▸ Dataset records
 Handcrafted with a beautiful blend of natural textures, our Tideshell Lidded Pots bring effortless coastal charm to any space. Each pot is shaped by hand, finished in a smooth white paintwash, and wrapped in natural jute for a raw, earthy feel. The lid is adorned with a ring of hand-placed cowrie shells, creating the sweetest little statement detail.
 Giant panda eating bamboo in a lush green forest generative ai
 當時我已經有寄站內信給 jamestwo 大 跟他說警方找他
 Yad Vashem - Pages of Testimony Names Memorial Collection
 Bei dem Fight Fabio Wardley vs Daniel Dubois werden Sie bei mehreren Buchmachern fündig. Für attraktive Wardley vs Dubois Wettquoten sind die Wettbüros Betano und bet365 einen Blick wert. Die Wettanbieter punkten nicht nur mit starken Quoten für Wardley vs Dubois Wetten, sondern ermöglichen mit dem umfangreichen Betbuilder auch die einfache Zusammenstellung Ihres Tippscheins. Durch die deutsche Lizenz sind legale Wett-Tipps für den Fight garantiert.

---

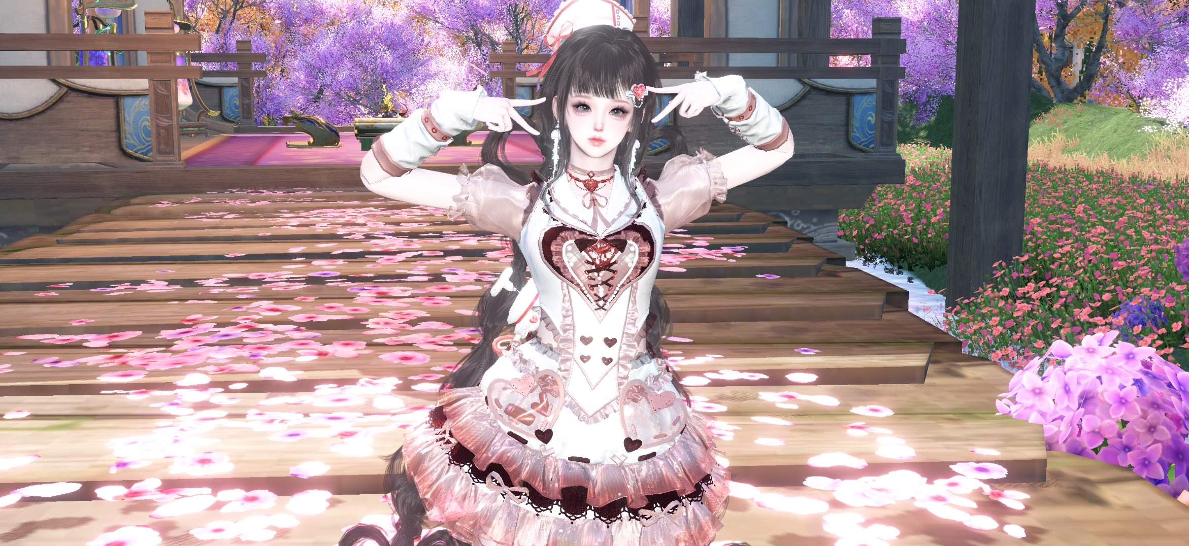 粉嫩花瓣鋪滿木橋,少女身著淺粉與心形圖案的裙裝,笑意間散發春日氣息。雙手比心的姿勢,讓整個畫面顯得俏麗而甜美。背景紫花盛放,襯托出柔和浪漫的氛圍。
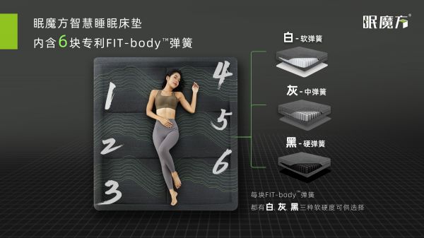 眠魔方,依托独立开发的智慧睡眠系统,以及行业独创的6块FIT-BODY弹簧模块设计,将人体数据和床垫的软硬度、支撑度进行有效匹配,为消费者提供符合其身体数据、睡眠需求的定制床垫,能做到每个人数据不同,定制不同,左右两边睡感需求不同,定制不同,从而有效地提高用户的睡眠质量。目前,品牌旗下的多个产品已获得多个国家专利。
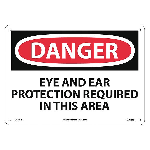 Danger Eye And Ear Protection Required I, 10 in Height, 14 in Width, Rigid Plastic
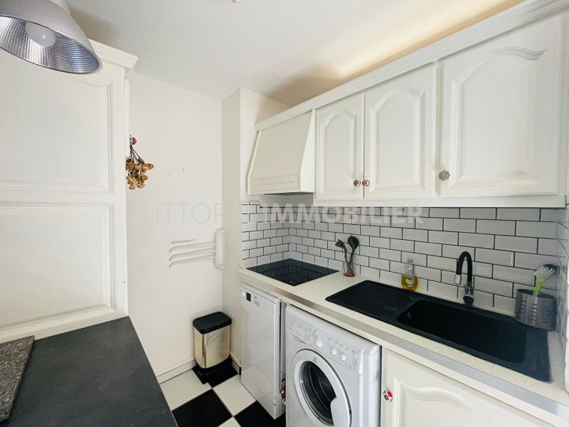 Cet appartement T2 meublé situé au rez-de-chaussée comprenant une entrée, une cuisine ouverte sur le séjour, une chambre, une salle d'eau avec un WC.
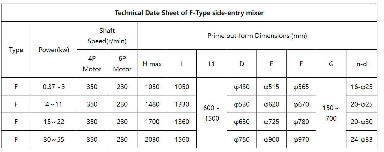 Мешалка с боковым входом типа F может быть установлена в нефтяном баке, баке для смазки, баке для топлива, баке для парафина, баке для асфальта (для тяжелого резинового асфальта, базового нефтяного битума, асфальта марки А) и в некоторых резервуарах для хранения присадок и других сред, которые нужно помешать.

▸ Exercise requirements
Transcribe exactly the lines above, beginning at the one with "粉嫩花瓣鋪滿木橋,少女身著淺" and going up to and including the one with "眠魔方,依托独立开发的智慧睡". Pictures do not belong in the copy.

▸ Reply to the exercise
 粉嫩花瓣鋪滿木橋,少女身著淺粉與心形圖案的裙裝,笑意間散發春日氣息。雙手比心的姿勢,讓整個畫面顯得俏麗而甜美。背景紫花盛放,襯托出柔和浪漫的氛圍。
 眠魔方,依托独立开发的智慧睡眠系统,以及行业独创的6块FIT-BODY弹簧模块设计,将人体数据和床垫的软硬度、支撑度进行有效匹配,为消费者提供符合其身体数据、睡眠需求的定制床垫,能做到每个人数据不同,定制不同,左右两边睡感需求不同,定制不同,从而有效地提高用户的睡眠质量。目前,品牌旗下的多个产品已获得多个国家专利。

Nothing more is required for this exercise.